Another original Maralinga participant emerged back into the light. On 11 October the Herald quoted Howard Beale, then in retirement, who dismissed as ridiculous any claims that the buried plutonium could be a terrorist target. He reserved a portion of his scorn for the source of the story: ‘What right has an official in the government to play God and leak documents of this nature? I think it was immoral and quite wrong to let this document loose’. Beale lectured reporters on their particular responsibility to assess the national interest before publishing and, perhaps reflecting his own approach, also remarked on the procedures that should have been in place to prevent such a leak: ‘An issue as sensitive as the Maralinga one should have been handled by the smallest number of people possible’.
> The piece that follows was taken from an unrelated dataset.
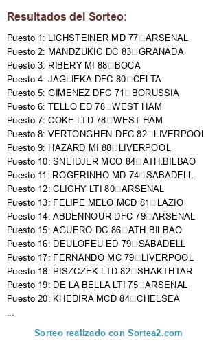 Lista de participantes: DE MARCOS LTD 78 ARSENAL, SILVIO LTD 76 ARSENAL, CLICHY LTI 80 ARSENAL, DE LA BELLA LTI 75 ARSENAL, PIQUE DFC 84 ARSENAL, ABDENNOUR DFC 79 ARSENAL, V. BEREZUTSKIY DFC 78 ARSENAL, RAMIRES MC 81 ARSENAL, PAULINHO MC 80 ARSENAL, KRYCHOWIAK MC 79 ARSENAL, MATA MCO 85 ARSENAL, GERVINHO EI 81 ARSENAL, LJAJIC EI 76 ARSENAL, WALCOTT ED 81 ARSENAL, LICHSTEINER MD 77 ARSENAL, HELMES DC 77 ARSENAL, DIEGO COSTA DC 85 ARSENAL, VAN DER WIEL LTD 77 ATH.BILBAO, RAFAEL LTD 77 ATH.BILBAO, ALEX SANDRO LTI 79 ATH.BILBAO, SUBOTIC DFC 82 ATH.BILBAO, BONUCCI DFC 79 ATH.BILBAO, M. SCHNEIDERLIN MCD 80 ATH.BILBAO, KOUYATE MCD 71 ATH.BILBAO, BORJA VALERO MC 82 ATH.BILBAO, GUARIN MC 79 ATH.BILBAO, SNEIDJER MCO 84 ATH.BILBAO, GOTZE MCO 85 ATH.BILBAO, BRUMA MI 76 ATH.BILBAO, SAM MD 80 ATH.BILBAO, LAMELA ED 78 ATH.BILBAO, AGUERO DC 86 ATH.BILBAO, BALOTELLI DC 82 ATH.BILBAO, MUSA DC 75 ATH.BILBAO, DEBUCHY LTD 80 BOCA, MARCELO LTI 82 BOCA, KADLEC LTI 74 BOCA, AURTENETXE LTI 74 BOCA, SKRTL DFC 81 BOCA, JUAN JESUS DFC 78 BOCA, L. DIARRA MC 79 BOCA, TIELEMANS MC 73 BOCA, M. FERNANDES MCO 79 BOCA, MERTENS MCO 82 BOCA, RIBERY MI 88 BOCA, PAYET MI 78 BOCA, RAFA EI 77 BOCA, A. JOHNSON MD 77 BOCA, ADURIZ DC 80 BOCA, UCHE DC 78 BOCA, VIGUERA DC 74 BOCA, EBOUE LTD 75 BORUSSIA, YEDLIN LTD 68 BORUSSIA, GUNINO LTD 68 BORUSSIA, MONREAL LTI 76 BORUSSIA, THIAGO SILVA DFC 87 BORUSSIA, DAVID LUIZ DFC 82 BORUSSIA, GIMENEZ DFC 71 BORUSSIA, PIRLO MC 84 BORUSSIA, GABI MC 82 BORUSSIA, DI MARIA MD 86 BORUSSIA, VARELA EI 78 BORUSSIA, AMRABAT EI 77 BORUSSIA, ARDA TURAN MI 84 BORUSSIA, C. RODRIGUEZ MI 79 BORUSSIA, HIGUAIN DC 84 BORUSSIA, IAGO ASPAS DC 76 BORUSSIA, A. HERNANDEZ DC 72 BORUSSIA, MAICON LTD 79 CELTA, RODRIGUEZ LTI 80 CELTA, ADRIANO LTI 76 CELTA, VARANE DFC 81 CELTA, JAGLIEKA DFC 80 CELTA, CHEDJOU DFC 79 CELTA, GUNDOGAN MC 83 CELTA, ILLARAMENDI MC 79 CELTA, DE BRUYNE MCO 81 CELTA, BERNARD MCO 80 CELTA, DRAXLER MI 80 CELTA, LENNON MD 79 CELTA, M. PEREIRA MD 72 CELTA, VAN PERSIE DC 88 CELTA, EMENIKE DC 80 CELTA, GAMEIRO DC 79 CELTA, SALPINGUIDIS DC 75 CELTA, GLEN JHONSON LTD 76 CHELSEA, LUSTIG LTD 75 CHELSEA, SCHMELZER LTI 78 CHELSEA, GUARDADO LTI 77 CHELSEA, CISSOKHO LTI 74 CHELSEA, SOUARE LTI 74 CHELSEA, HOWEDES DFC 82 CHELSEA, RAMI DFC 79 CHELSEA, KHEDIRA MCD 84 CHELSEA, MATIC MCD 82 CHELSEA, ISCO MCO 83 CHELSEA, KOKE MI 82 CHELSEA, CUADRADO MD 83 CHELSEA, EL SHAARAWY EI 80 CHELSEA, ITURBE ED 77 CHELSEA, BENZEMA DC 85 CHELSEA, MOVSISYAN DC 78 CHELSEA, ANYUKOV LTD 77 GRANADA, CAVANDA LTD 72 GRANADA, ALABA LTI 82 GRANADA, SUTTNER LTI 68 GRANADA, ALEX DFC 82 GRANADA, PERRIN DFC 80 GRANADA, TOPRAK DFC 79 GRANADA, GERRARD MC 82 GRANADA, SAHIN MC 81 GRANADA, E. PEREZ MCO 80 GRANADA, SILVA MI 87 GRANADA, SCHURRLE MI 81 GRANADA, LUCAS ED 82 GRANADA, MANDZUKIC DC 83 GRANADA, IMMOBILE DC 80 GRANADA, BODE DC 69 GRANADA, CARLOS MARTINEZ LTD 77 JUVENTUS, JANMAAT LTD 75 JUVENTUS, KOLAROV LTI 78 JUVENTUS, BERNAT LTI 71 JUVENTUS, VIDIC DFC 83 JUVENTUS, MASCHERANO DFC 83 JUVENTUS, OTAMENDI DFC 80 JUVENTUS, L. BENDER MC 81 JUVENTUS, ITURRASPE MC 80 JUVENTUS, INLER MC 79 JUVENTUS, HAMSIK MCO 83 JUVENTUS, WIJNALDUM MCO 79 JUVENTUS, ATSU EI 75 JUVENTUS, A. AYEW MI 78 JUVENTUS, FARFAN MD 83 JUVENTUS, VITOLO MI 77 JUVENTUS, M. GOMEZ DC 82 JUVENTUS, CARVAJAL LTD 79 LAZIO, TRASH LTD 76 LAZIO, TREMOULINAS LTI 77 LAZIO, WENDT LTI 75 LAZIO, BARZAGLI DFC 83 LAZIO, NALDO DFC 80 LAZIO, MEXES DFC 77 LAZIO, DE ROSSI MCD 84 LAZIO, FELIPE MELO MCD 81 LAZIO, BLIND MC 79 LAZIO, ESPINOSA MC 69 LAZIO, HERNANES MCO 82 LAZIO, MUNIAIN EI 80 LAZIO, HULK ED 83 LAZIO, FEGHOULI MD 81 LAZIO, TEVEZ DC 85 LAZIO, GROBKREUTZ LTD 77 LIVERPOOL, ABATE LTD 74 LIVERPOOL, FILIPE LUIS LTI 82 LIVERPOOL, CASCO LTI 75 LIVERPOOL, VERTONGHEN DFC 82 LIVERPOOL, COLOCCINI DFC 79 LIVERPOOL, SMALLING DFC 76 LIVERPOOL, VIDAL MC 85 LIVERPOOL, FERNANDO MC 79 LIVERPOOL, NAINNGGOLAN MC 79 LIVERPOOL, MKHITARYAN MCO 81 LIVERPOOL, DANNY EI 82 LIVERPOOL, HAZARD MI 88 LIVERPOOL, WILLIAN MD 82 LIVERPOOL, R. PALACIO DC 82 LIVERPOOL, BENTEKE DC 80 LIVERPOOL, MAXI PEREIRA LTD 77 SABADELL, MONTOYA LTD 77 SABADELL, INSUA LTI 77 SABADELL, SAKHO DFC 81 SABADELL, FERDINAND DFC 79 SABADELL, VERMAELEN DFC 79 SABADELL, DIAKITE DFC 75 SABADELL, POGBA MC 83 SABADELL, REMY CABELLA MCO 79 SABADELL, ROBBEN MD 90 SABADELL, ROGERINHO MD 74 SABADELL, PERISIC MI 78 SABADELL, DEPAY EI 78 SABADELL, DEULOFEU ED 79 SABADELL, DOUMBIA DC 82 SABADELL, CASSANO DC 80 SABADELL, O. MARTINS DC 77 SABADELL, KONKO LTD 76 SCHALKE 04, SARIOUGLU LTD 73 SCHALKE 04, PEPE DFC 83 SCHALKE 04, DAWSON DFC 79 SCHALKE 04, MARQUINHOS DFC 78 SCHALKE 04, CANDREVA MC 83 SCHALKE 04, TIOTE MCD 78 SCHALKE 04, G. MEDEL MCD 76 SCHALKE 04, VALBUENA MCO 81 SCHALKE 04, NAGATOMO MI 76 SCHALKE 04, BLASZCZYKOWSKI MD 82 SCHALKE 04, AUBAMEYANG MD 79 SCHALKE 04, MILNER MD 78 SCHALKE 04, SALAH MD 76 SCHALKE 04, G. ROSSI DC 82 SCHALKE 04, BATSHUAYI DC 75 SCHALKE 04, PISZCZEK LTD 82 SHAKTHTAR, WYNNE LTD 63 SHAKTHTAR, JEFFERSON LTI 75 SHAKTHTAR, TAIWO LTI 71 SHAKTHTAR, CHIELINI DFC 84 SHAKTHTAR, ONUOHA DFC 75 SHAKTHTAR, JAVI GARCIA MCD 79 SHAKTHTAR, HUTCHINSON MCD 78 SHAKTHTAR, TAARABT MCO 79 SHAKTHTAR, TAISON MCO 78 SHAKTHTAR, JESÉ MI 76 SHAKTHTAR, DZSUDSZAK MD 79 SHAKTHTAR, LASSANE BANGOURA MD 77 SHAKTHTAR, SOW EI 78 SHAKTHTAR, B. KEITA EI 76 SHAKTHTAR, IBRAHIMOVIC DC 90 SHAKTHTAR, JACKSON MARTINEZ DC 82 SHAKTHTAR, COKE LTD 78 WEST HAM, MANDI LTD 75 WEST HAM, BALENZIAGA LTI 77 WEST HAM, KOMPANY DFC 86 WEST HAM, MATHIEU DFC 80 WEST HAM, KAGAWA MCO 81 WEST HAM, CALLEJON MCO 80 WEST HAM, COUTINHO MCO 81 WEST HAM, FERNANDINHO MC 82 WEST HAM, GIACCHERINI MI 77 WEST HAM, GRIEZMANN EI 82 WEST HAM, STERLING ED 80 WEST HAM, TELLO ED 78 WEST HAM, OXLADE-CHAMBERLAIN MD 78 WEST HAM, ETO'O DC 81 WEST HAM, LACAZETTE DC 79 WEST HAM, KRUSE DC 78 WEST HAM.

Toohey’s follow-up story on 11 October added more fuel. This article, titled ‘Maralinga: the “do nothing” solution’, brought the wrath of Killen down on Toohey’s head. The story questioned the Australian Government’s response in light of a statement issued by the British High Commission on 10 October that nothing needed to be done. The story quoted a radio interview in which the acting Australian Foreign minister Ian Sinclair agreed with this and said that the plutonium was safe where it was buried. The extent of tensions between the Australian and British governments did not come out in the story, however. Behind the scenes, confidential cables were being exchanged between the UK deputy high commissioner in Canberra Henry Dudgeon and the Foreign and Commonwealth Office that belied the apparent agreement of the public pronouncements. Dudgeon mentioned the ‘cavalier tone’ of the official Australian request for the removal of the plutonium and declared that ‘the Australians of course fully accept that we no longer have any legal obligation relating to Maralinga’. Toohey was not deterred when Sinclair backed the British stance with a supportive statement that played down the risks, particularly as the Cabinet submission had made strong statements about the terrorist threat posed by the material at Maralinga.
Toohey’s follow-up story also picked up on Jim Killen’s responses to the original one:
Mr Killen relied on his verbal dexterity in several answers he gave in Parliament yesterday. For example, he said that no Cabinet submission prepared by himself had said the plutonium at Maralinga was ‘currently’ a terrorist threat. Last Thursday he said in his press statement that the [Australian Financial Review’s] report of his submission and its emphasis on the potential terrorist threat provided sufficient cause for him to substantially increase security at Maralinga on that very day.
The story reported that Killen had told parliament he found out about the plutonium problem only in early 1977, which seemed to accord with his public statements. In 1976, when Tom Uren and some elements of the media had begun to question what was at Maralinga, the Defence minister had seemed not to know and had asked his department to dig deeper. Toohey concluded his contentious 11 October story by tying it to a then-current political debate: ‘If the Government ends up doing nothing about the Maralinga plutonium it will only have succeeded in raising public doubts about the safety of nuclear materials at the same time as it is trying to convince the world that any Australian uranium exports will be on the strictest possible safety terms’.